Work task:
Please output all of the entries exactly and omit any images they hold.

--- Information provided Enclosed Below ---

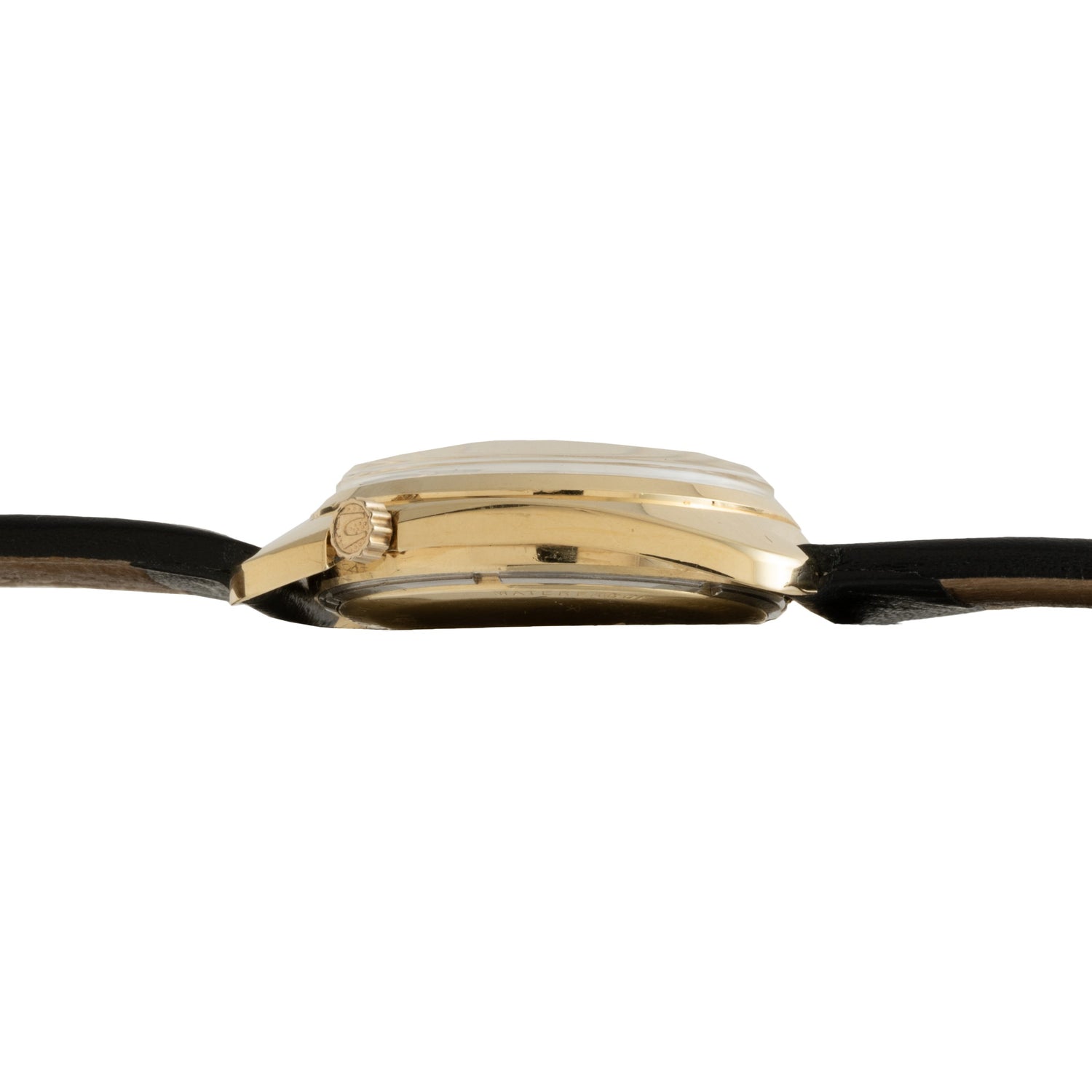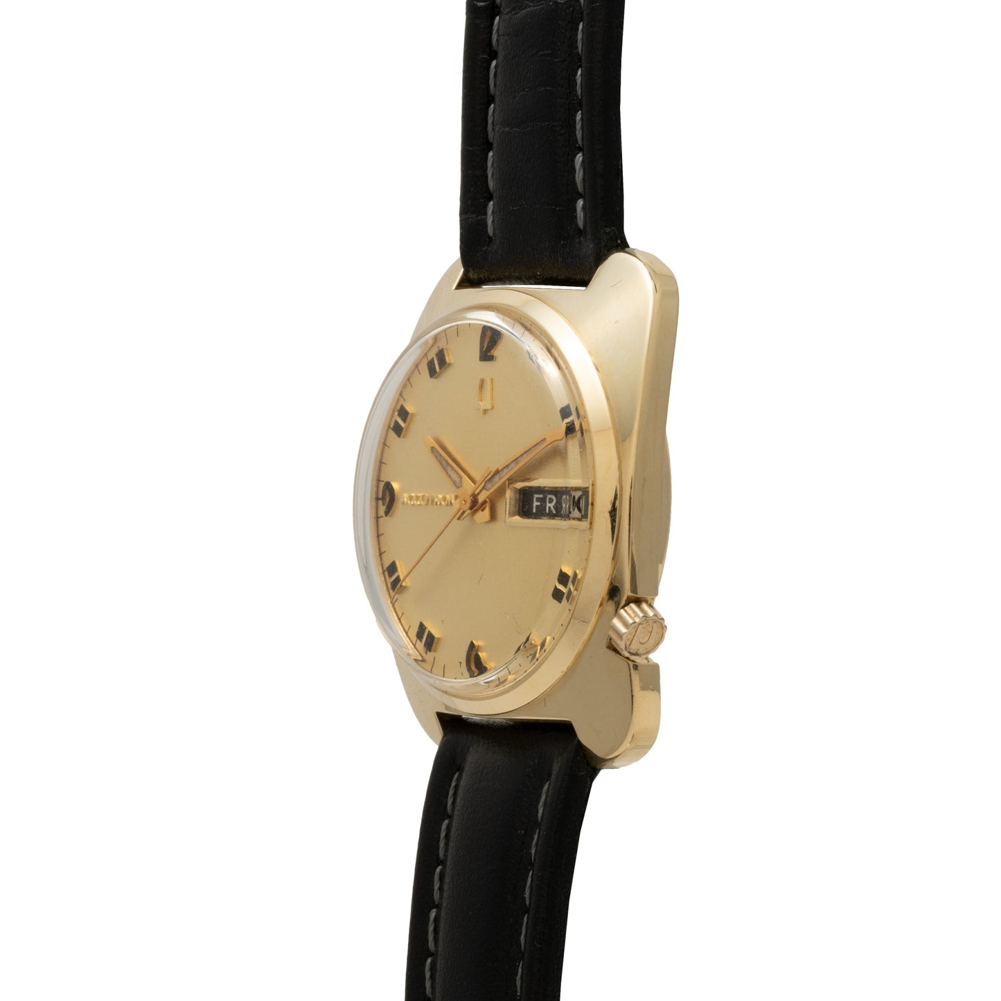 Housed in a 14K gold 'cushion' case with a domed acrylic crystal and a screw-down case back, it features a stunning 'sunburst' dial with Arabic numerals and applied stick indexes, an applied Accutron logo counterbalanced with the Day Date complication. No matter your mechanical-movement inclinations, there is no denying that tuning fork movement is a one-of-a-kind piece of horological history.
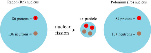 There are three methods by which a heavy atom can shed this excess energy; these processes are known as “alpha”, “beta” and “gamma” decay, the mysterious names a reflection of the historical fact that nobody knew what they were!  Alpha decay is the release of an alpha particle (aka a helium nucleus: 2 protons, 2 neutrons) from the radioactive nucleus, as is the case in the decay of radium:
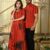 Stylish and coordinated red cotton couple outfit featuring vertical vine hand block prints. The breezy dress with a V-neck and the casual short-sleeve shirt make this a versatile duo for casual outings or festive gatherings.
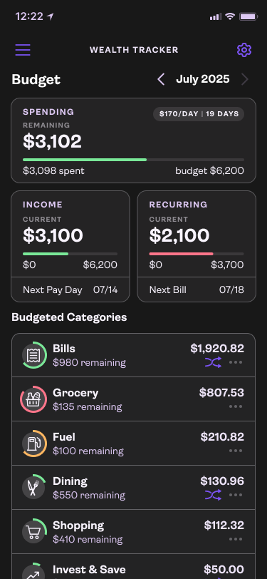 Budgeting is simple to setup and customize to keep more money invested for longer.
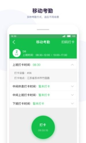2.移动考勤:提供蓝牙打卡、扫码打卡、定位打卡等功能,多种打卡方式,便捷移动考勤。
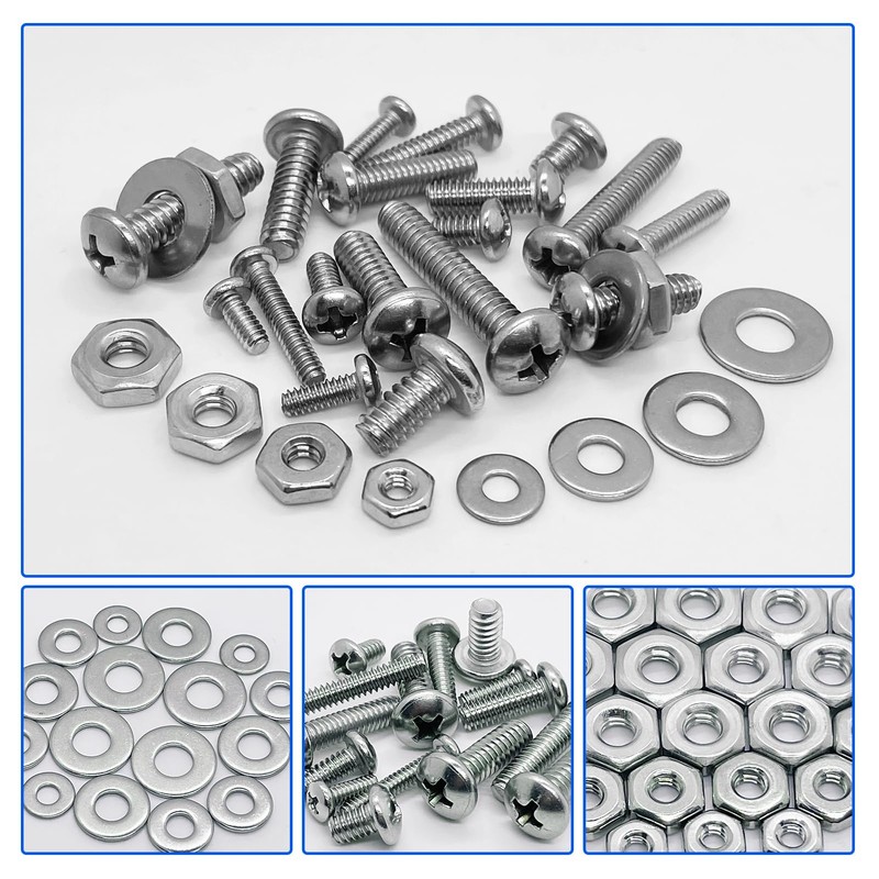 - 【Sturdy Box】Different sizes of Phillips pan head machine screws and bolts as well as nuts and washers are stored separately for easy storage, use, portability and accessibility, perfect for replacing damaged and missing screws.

--- End of Enclosed Information provided ---

Finished task:
 Housed in a 14K gold 'cushion' case with a domed acrylic crystal and a screw-down case back, it features a stunning 'sunburst' dial with Arabic numerals and applied stick indexes, an applied Accutron logo counterbalanced with the Day Date complication. No matter your mechanical-movement inclinations, there is no denying that tuning fork movement is a one-of-a-kind piece of horological history.
 There are three methods by which a heavy atom can shed this excess energy; these processes are known as “alpha”, “beta” and “gamma” decay, the mysterious names a reflection of the historical fact that nobody knew what they were!  Alpha decay is the release of an alpha particle (aka a helium nucleus: 2 protons, 2 neutrons) from the radioactive nucleus, as is the case in the decay of radium:
 Stylish and coordinated red cotton couple outfit featuring vertical vine hand block prints. The breezy dress with a V-neck and the casual short-sleeve shirt make this a versatile duo for casual outings or festive gatherings.
 Budgeting is simple to setup and customize to keep more money invested for longer.
2.移动考勤:提供蓝牙打卡、扫码打卡、定位打卡等功能,多种打卡方式,便捷移动考勤。
 - 【Sturdy Box】Different sizes of Phillips pan head machine screws and bolts as well as nuts and washers are stored separately for easy storage, use, portability and accessibility, perfect for replacing damaged and missing screws.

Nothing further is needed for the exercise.